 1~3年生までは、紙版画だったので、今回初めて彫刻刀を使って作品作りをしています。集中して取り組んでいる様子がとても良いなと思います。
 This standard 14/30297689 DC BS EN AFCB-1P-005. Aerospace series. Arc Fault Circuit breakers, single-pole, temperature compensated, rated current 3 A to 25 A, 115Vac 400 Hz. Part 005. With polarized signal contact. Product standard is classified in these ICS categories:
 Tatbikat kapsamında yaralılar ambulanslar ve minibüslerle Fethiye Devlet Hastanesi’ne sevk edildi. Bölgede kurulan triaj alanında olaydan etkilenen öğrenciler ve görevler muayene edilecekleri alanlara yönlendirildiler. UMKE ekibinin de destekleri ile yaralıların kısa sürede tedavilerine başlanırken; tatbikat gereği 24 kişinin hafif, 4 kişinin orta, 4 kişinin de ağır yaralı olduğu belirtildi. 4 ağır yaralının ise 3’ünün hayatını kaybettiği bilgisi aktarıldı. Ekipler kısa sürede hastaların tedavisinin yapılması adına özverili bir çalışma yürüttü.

--

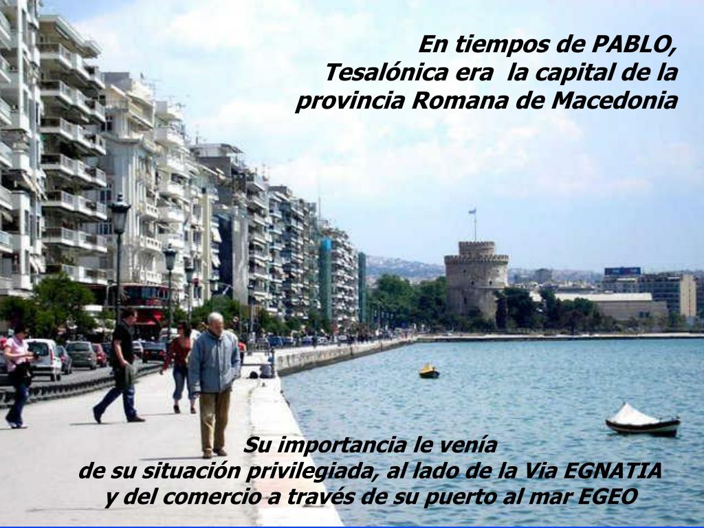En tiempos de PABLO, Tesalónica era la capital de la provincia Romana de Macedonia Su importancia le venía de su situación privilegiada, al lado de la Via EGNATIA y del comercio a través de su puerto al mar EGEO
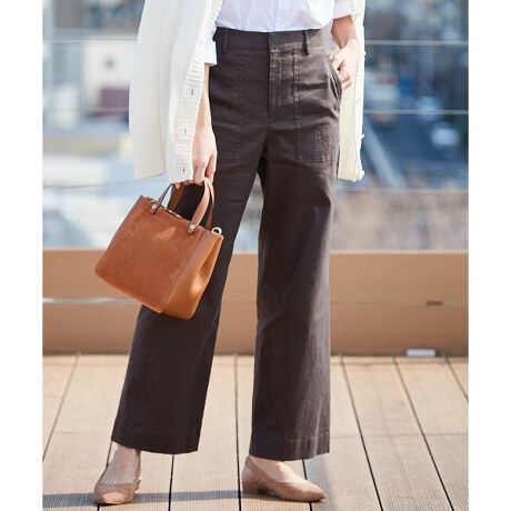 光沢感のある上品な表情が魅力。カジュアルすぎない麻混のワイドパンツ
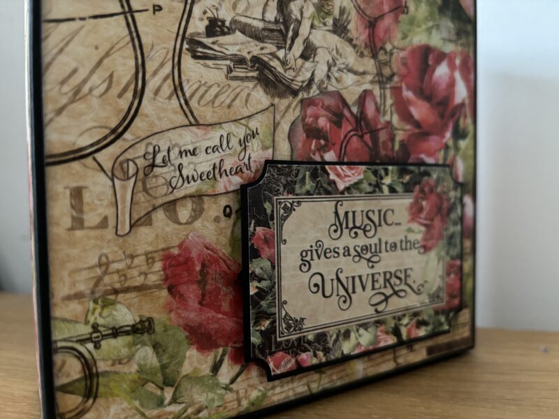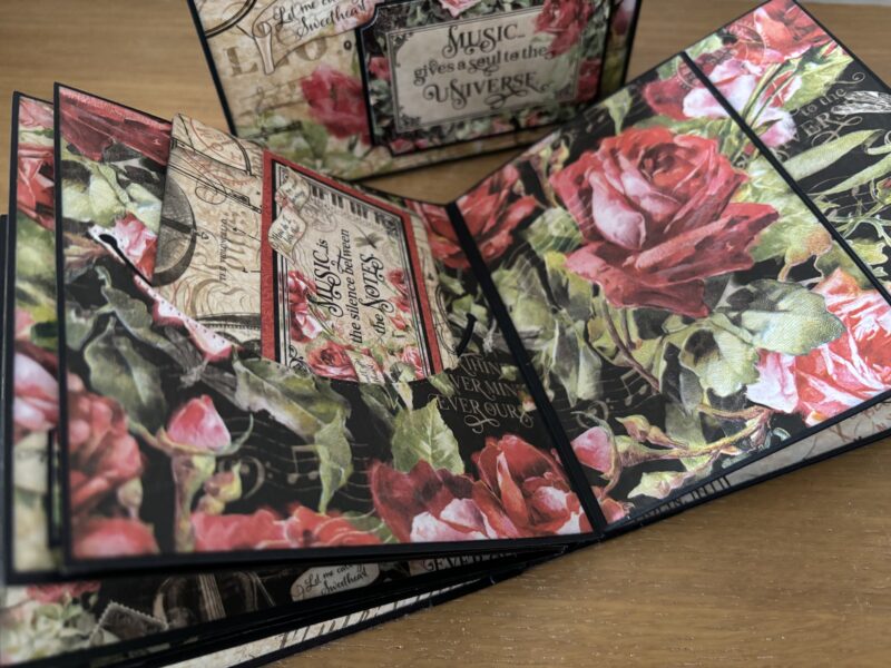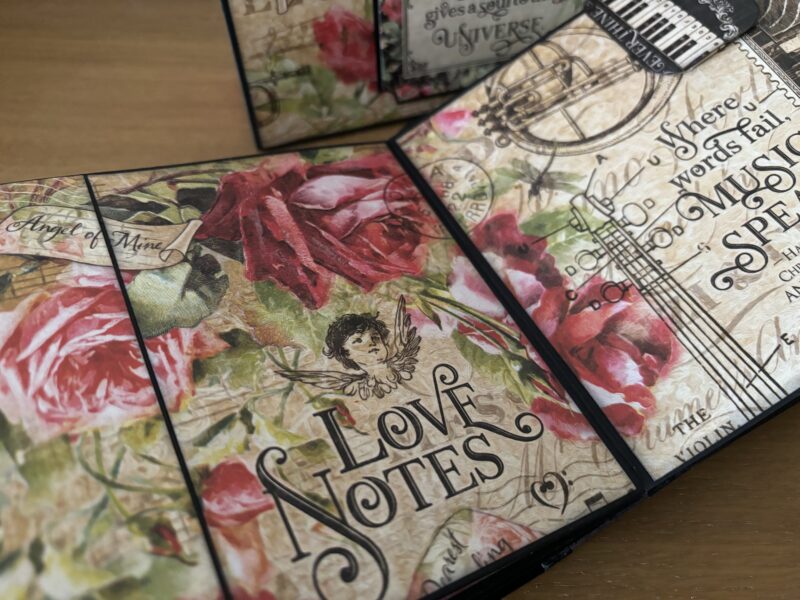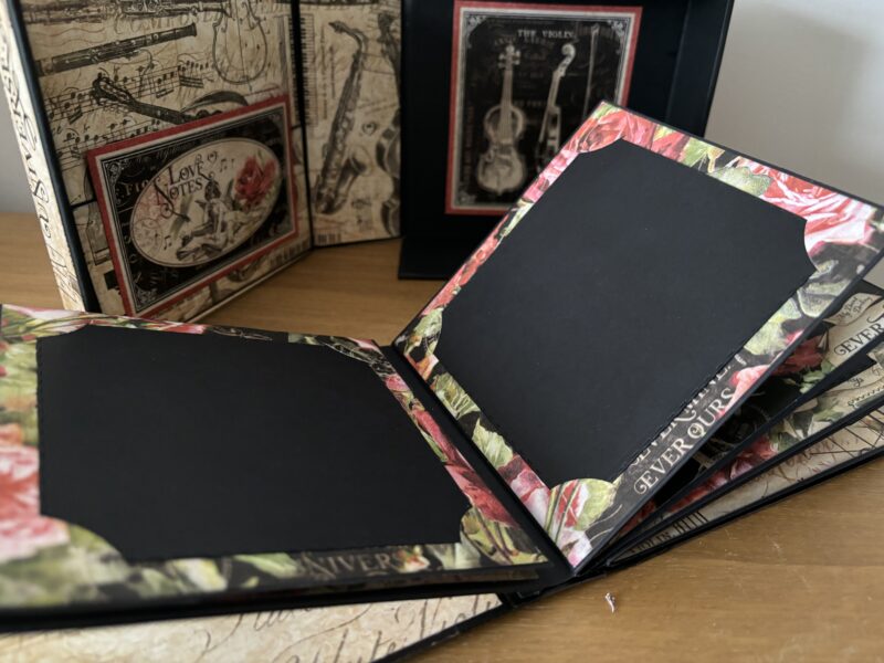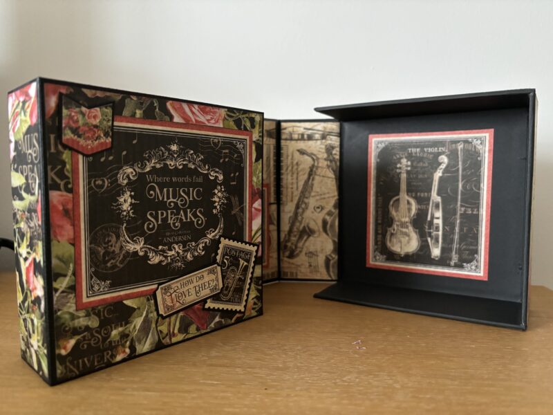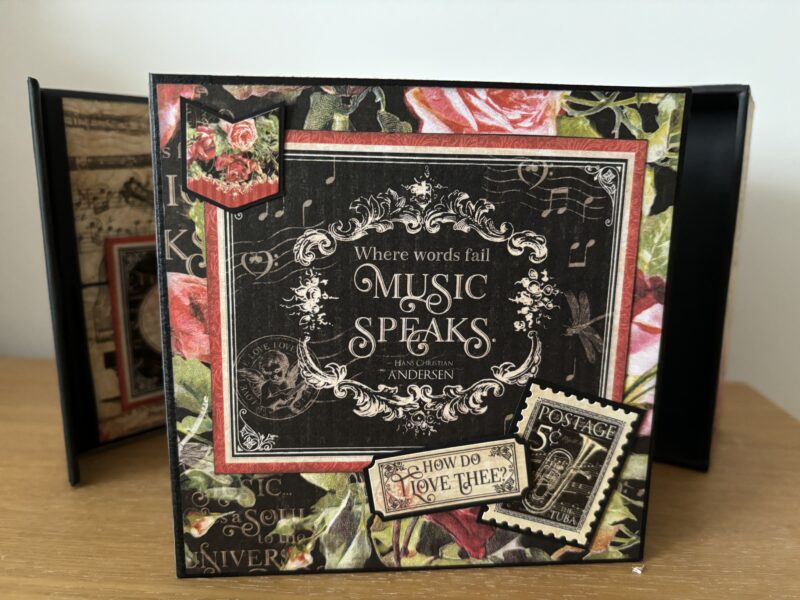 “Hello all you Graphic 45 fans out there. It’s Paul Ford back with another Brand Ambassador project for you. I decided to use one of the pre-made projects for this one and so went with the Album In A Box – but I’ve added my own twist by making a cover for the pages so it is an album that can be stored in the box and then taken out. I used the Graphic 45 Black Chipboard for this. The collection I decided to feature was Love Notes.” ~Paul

## Your instructions
With the line that has "1~3年生までは、紙版画だっ" as the first and the line that has "Tatbikat kapsamında yaralılar" as the last, repeat exactly that run of lines above and no more.

## Exercise response
 1~3年生までは、紙版画だったので、今回初めて彫刻刀を使って作品作りをしています。集中して取り組んでいる様子がとても良いなと思います。
 This standard 14/30297689 DC BS EN AFCB-1P-005. Aerospace series. Arc Fault Circuit breakers, single-pole, temperature compensated, rated current 3 A to 25 A, 115Vac 400 Hz. Part 005. With polarized signal contact. Product standard is classified in these ICS categories:
 Tatbikat kapsamında yaralılar ambulanslar ve minibüslerle Fethiye Devlet Hastanesi’ne sevk edildi. Bölgede kurulan triaj alanında olaydan etkilenen öğrenciler ve görevler muayene edilecekleri alanlara yönlendirildiler. UMKE ekibinin de destekleri ile yaralıların kısa sürede tedavilerine başlanırken; tatbikat gereği 24 kişinin hafif, 4 kişinin orta, 4 kişinin de ağır yaralı olduğu belirtildi. 4 ağır yaralının ise 3’ünün hayatını kaybettiği bilgisi aktarıldı. Ekipler kısa sürede hastaların tedavisinin yapılması adına özverili bir çalışma yürüttü.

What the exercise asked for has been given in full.